Problem: With the pictures left out, restate exactly the part below that opens with the line containing "Comandament a distància" and closes with the line containing "玄関近くにはロッカールームを".

Records for this exercise:
━━━

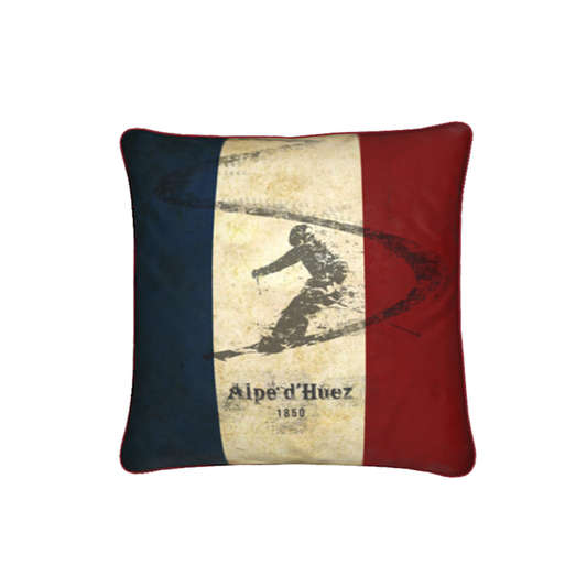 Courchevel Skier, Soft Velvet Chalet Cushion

━━━

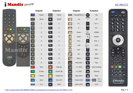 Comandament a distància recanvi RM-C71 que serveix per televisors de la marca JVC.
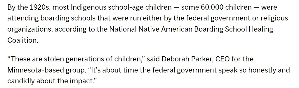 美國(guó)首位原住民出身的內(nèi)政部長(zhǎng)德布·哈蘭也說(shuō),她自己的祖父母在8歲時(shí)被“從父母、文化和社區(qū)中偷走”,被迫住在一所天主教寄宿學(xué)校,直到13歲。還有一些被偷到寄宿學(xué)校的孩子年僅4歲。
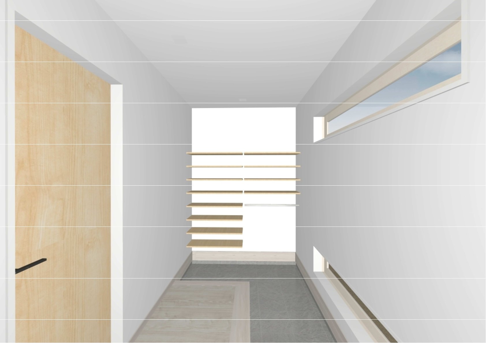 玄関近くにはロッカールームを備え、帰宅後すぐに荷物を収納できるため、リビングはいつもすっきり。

━━━

Finished exercise:
 Comandament a distància recanvi RM-C71 que serveix per televisors de la marca JVC.
 美國(guó)首位原住民出身的內(nèi)政部長(zhǎng)德布·哈蘭也說(shuō),她自己的祖父母在8歲時(shí)被“從父母、文化和社區(qū)中偷走”,被迫住在一所天主教寄宿學(xué)校,直到13歲。還有一些被偷到寄宿學(xué)校的孩子年僅4歲。
 玄関近くにはロッカールームを備え、帰宅後すぐに荷物を収納できるため、リビングはいつもすっきり。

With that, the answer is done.